Athaíde Lopes “Abandono” (detalhe)

Celina voltou de vez para casa. Aquela em que nasceu e que, mesmo morando em outra, nunca deixou de ser a sua casa. Continuaria sendo ainda que estranhos morassem lá. Estava longe há décadas, por necessidade. Apesar dos maus-tratos sofridos por ser estrangeira, até gostava da vida lá longe. Acostumou-se a gostar da vida que podia ter lá. Vivia seu quase exílio conservando de sua terra lembranças difusas da infância e a casa, que preferiu deixar abandonada do que ocupada por estranhos.

Os primeiros meses depois da volta foram difíceis, desacostumada que estava dos costumes de sua terra. Mas logo viu que os costumes que poderia ter preservado, de pouco lhe valeriam agora. As coisas mudaram. E muito! Para pior. Sua terra está mais violenta. Mais cruel. Mais perversa. A casa também mudou. Suja, feia, deslocada naquele espaço tomado por modernidades arquitetônicas e pequenos negócios com pretensão ao luxo. A casa perdeu sua imponência. A terra, mais que isso.

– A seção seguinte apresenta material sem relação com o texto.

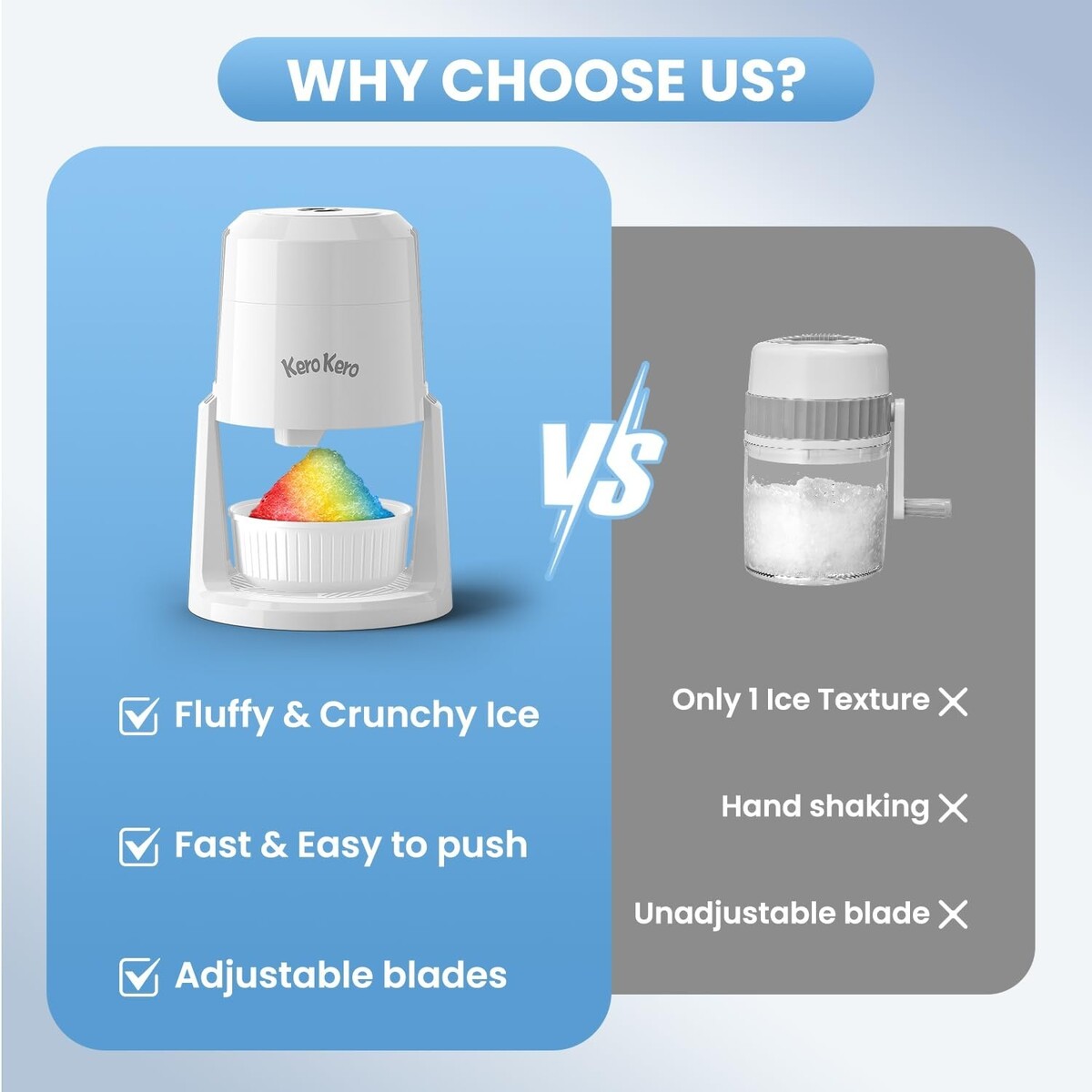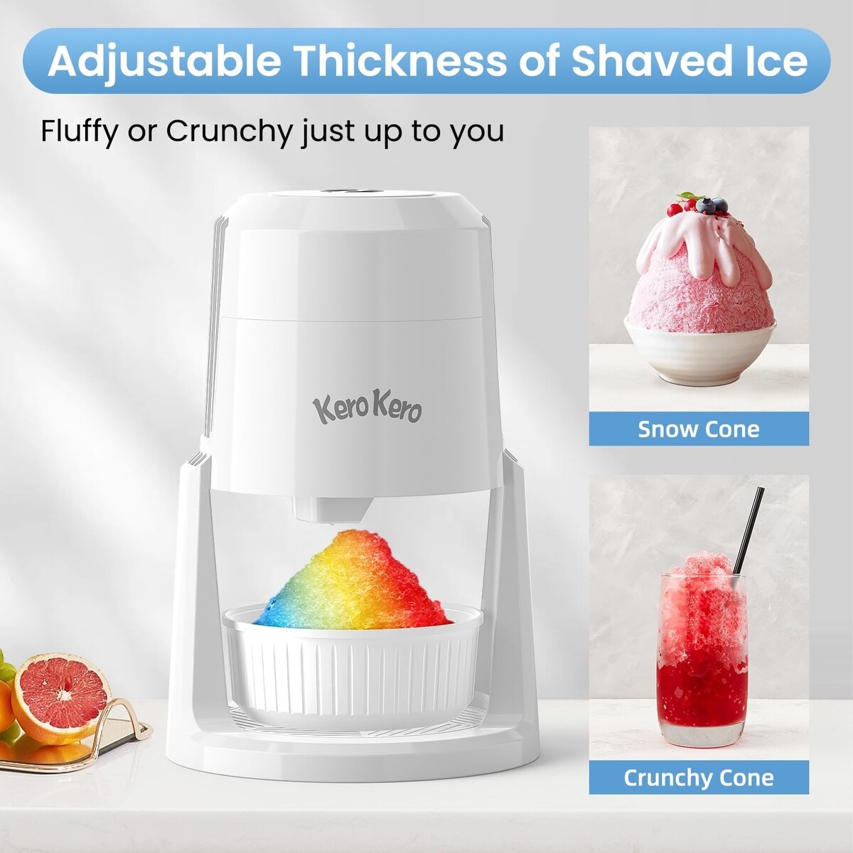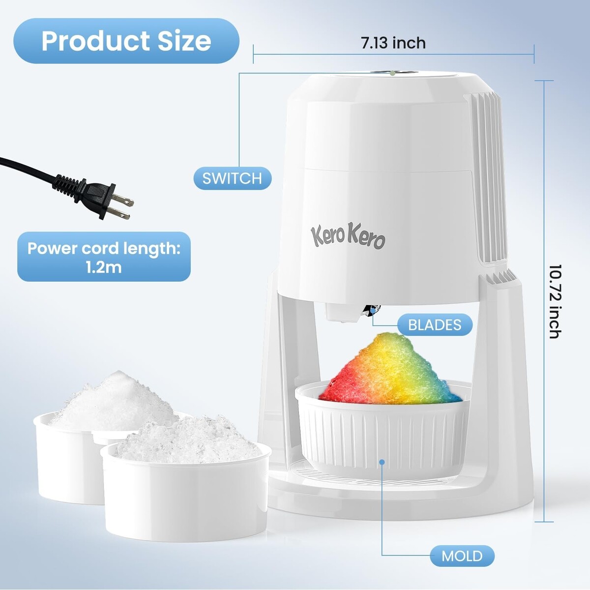 High-quality stainless steel blade effortlessly creates fluffy shaved ice.

Não importa se mudaram aos poucos. Para ela, que voltou de repente, é como se tudo tivesse mudado de repente. De repente, a floresta pujante raleou, esfumaçou-se e tornou-se pasto para boi a ser esquartejado e vendido como se fosse boi vivido em outros lugares. Como se fosse boi de criação honesta. De história sem crimes. Boi inocente. Aceito como tal só porque o dinheiro é mais importante que a floresta, a lei e a vida. Mais importante que tudo. Dinheiro faz do esperto ingênuo o suficiente para acreditar na inocência do boi que come.

De repente, gente faminta passou a brigar por um espaço de mergulho na caçamba imunda de um caminhão em busca do que há de comer no lixo. Gente faminta de tudo. Para quem a fome escraviza e faz deles espetáculo nojento para uma gente que não se escandaliza com a miséria. E que acha que fome é o que sente quando o restaurante demora em lhe servir o prato de nome estrangeiro. Gente abandonada por gente que abandonou a compaixão na terra abandonada de vergonha onde fica a casa abandonada de Celina.

Foi no mesmo repente que de repente a cidade da casa abandonada de Celina tornou-se também cidade abandonada. Como que harmonizando a sujeira dentro e fora. Também o medo dos de fora de entrar na casa tornou-se o mesmo dos de dentro de qualquer outra casa de sair dela. Rua de cidade abandonada é perigosa. Cheia de gente perigosa. De perigos reais que a cada notícia deles alimenta outros tantos perigos imaginários. De cidade dos sonhos, onde ficavam casas dos sonhos, virou cidade de pesadelos com pesadelos em casa. Cidade abandonada de civilidade onde fica a casa de Celina, abandonada de aconchego.

O abandono, no começo, pode ser desleixo, desimportância ou irresponsabilidade. Depois, de repente, vira loucura. Na terra abandonada onde ficam cidades abandonadas repletas de casas abandonadas com gente dentro tudo é loucura. Chacinas aplaudidas são loucura. Justificar assassinato de quem pensa diferente é loucura. A indiferença à fome é loucura. Escravidão consentida porque dá dinheiro é loucura. Fazer sofrer em nome da fé e querer matar em nome de Deus é loucura. Fazer criança estuprada sofrer e não meter a colher em briga onde marido espanca e mata mulher é loucura.

Loucuras do país abandonado de decência, onde ficam cidades abandonadas de compaixão, cheias de casas abandonadas de aconchego com gente abandonada à própria sorte e medos. Lá, onde fica a casa abandonada de Celina, assustada com as loucuras que se fizeram, de repente, nos vazios morais do abandono.